United States District Court, Western District of New York
May 31, 2022
1:20-CV-01294 EAW (W.D.N.Y. May. 31, 2022)

Opinion

1:20-CV-01294 EAW

05-31-2022

OSCAR C., Plaintiff, v. COMMISSIONER OF SOCIAL SECURITY, Defendant.


DECISION AND ORDER

ELIZABETH A. WOLFORD CHIEF JUDGE UNITED STATES DISTRICT COURT

INTRODUCTION

Represented by counsel, Plaintiff Oscar C. (“Plaintiff”) brings this action pursuant to Title XVI of the Social Security Act (the “Act”), seeking review of the final decision of the Commissioner of Social Security (the “Commissioner, ” or “Defendant”) denying his application for supplemental security income (“SSI”). (Dkt. 1). This Court has jurisdiction over the matter pursuant to 42 U.S.C. § 405(g). Presently before the Court are the parties' cross-motions for judgment on the pleadings pursuant to Rule 12(c) of the Federal Rules of Civil Procedure (Dkt. 12; Dkt. 13). For the reasons discussed below, Defendant's motion (Dkt. 13) is denied and Plaintiff's motion (Dkt. 12) is granted in part. The matter is remanded to the Commissioner for further administrative proceedings consistent with this Decision and Order.

BACKGROUND

Plaintiff protectively filed his application for SSI on February 10, 2017. (Dkt. 11-2 at 17; Dkt. 11-6 at 2-8). In his application, Plaintiff alleged disability beginning July 28, 2016. (Dkt. 11-2 at 17; Dkt. 11-6 at 2). Plaintiff's application was initially denied on May 10, 2017. (Dkt. 11-2 at 17; Dkt. 11-5 at 4-9). At Plaintiff's request, an initial hearing was held before administrative law judge (“ALJ”) Brian LeCours on March 28 2019, and a supplemental hearing was held on July 10, 2019, with Plaintiff appearing in Buffalo, New York, and the ALJ presiding via video from Albany, New York. (Dkt. 11-2 at 17, 35-83, 84-109). On July 22, 2019, the ALJ issued an unfavorable decision. (Id. at 17-27). Plaintiff requested Appeals Council review; his request was denied on July 22, 2020, making the ALJ's determination the Commissioner's final decision. (Id. at 2-9). This action followed.

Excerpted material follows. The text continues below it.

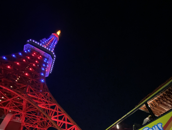 二階建てバスツアーは何度か乗ったことがありますが、今回のように東京タワー立ち寄りは初めてです。約1時間、十分にタワーを楽しめます。メインデッキではプロジェクションマッピングやツリーがとっても綺麗でした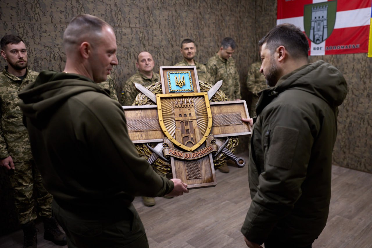 "На основному командному пункті 100-ї окремої механізованої бригади, яка обороняє Костянтинівку з напрямків Плещіївки та Іванопілля. Президент України Володимир Зеленський та Головнокомандувач ЗСУ Олександр Сирський зустрілися з воїнами підрозділу", - повідомляє 7 березня Телеграм-канал Головкома ЗСУ.

When referencing the page number(s) of docket citations in this Decision and Order, the Court will cite to the CM/ECF-generated page numbers that appear in the upper righthand corner of each document.

LEGAL STANDARD

I. District Court Review

“In reviewing a final decision of the [Social Security Administration (“SSA”)], this Court is limited to determining whether the SSA's conclusions were supported by substantial evidence in the record and were based on a correct legal standard.” Talavera v. Astrue, 697 F.3d 145, 151 (2d Cir. 2012) (quotation omitted); see also 42 U.S.C. § 405(g). The Act holds that a decision by the Commissioner is “conclusive” if it is supported by substantial evidence. 42 U.S.C. § 405(g). “Substantial evidence means more than a mere scintilla. It means such relevant evidence as a reasonable mind might accept as adequate to support a conclusion.” Moran v. Astrue, 569 F.3d 108, 112 (2d Cir. 2009) (quotation omitted). It is not the Court's function to “determine de novo whether [the claimant] is disabled.” Schaal v. Apfel, 134 F.3d 496, 501 (2d Cir. 1998) (quotation omitted); see also Wagner v. Sec'y of Health & Human Servs., 906 F.2d 856, 860 (2d Cir. 1990) (holding that review of the Secretary's decision is not de novo and that the Secretary's findings are conclusive if supported by substantial evidence). However, “[t]he deferential standard of review for substantial evidence does not apply to the Commissioner's conclusions of law.” Byam v. Barnhart, 336 F.3d 172, 179 (2d Cir. 2003) (citing Townley v. Heckler, 748 F.2d 109, 112 (2d Cir. 1984)).

II. Disability Determination

An ALJ follows a five-step sequential evaluation to determine whether a claimant is disabled within the meaning of the Act. See Bowen v. City of New York, 476 U.S. 467, 470-71 (1986). At step one, the ALJ determines whether the claimant is engaged in substantial gainful work activity. See 20 C.F.R. § 416.920(b). If so, the claimant is not disabled. If not, the ALJ proceeds to step two and determines whether the claimant has an impairment, or combination of impairments, that is “severe” within the meaning of the Act, in that it imposes significant restrictions on the claimant's ability to perform basic work activities. Id. § 416.920(c). If the claimant does not have a severe impairment or combination of impairments, the analysis concludes with a finding of “not disabled.” If the claimant does have at least one severe impairment, the ALJ continues to step three.

At step three, the ALJ examines whether a claimant's impairment meets or medically equals the criteria of a listed impairment in Appendix 1 of Subpart P of Regulation No. 4 (the “Listings”). Id. § 416.920(d). If the impairment meets or medically equals the criteria of a Listing and meets the durational requirement (id. § 416.909), the claimant is disabled. If not, the ALJ determines the claimant's residual functional capacity (“RFC”), which is the ability to perform physical or mental work activities on a sustained basis, notwithstanding limitations for the collective impairments. See id. § 416.920(e).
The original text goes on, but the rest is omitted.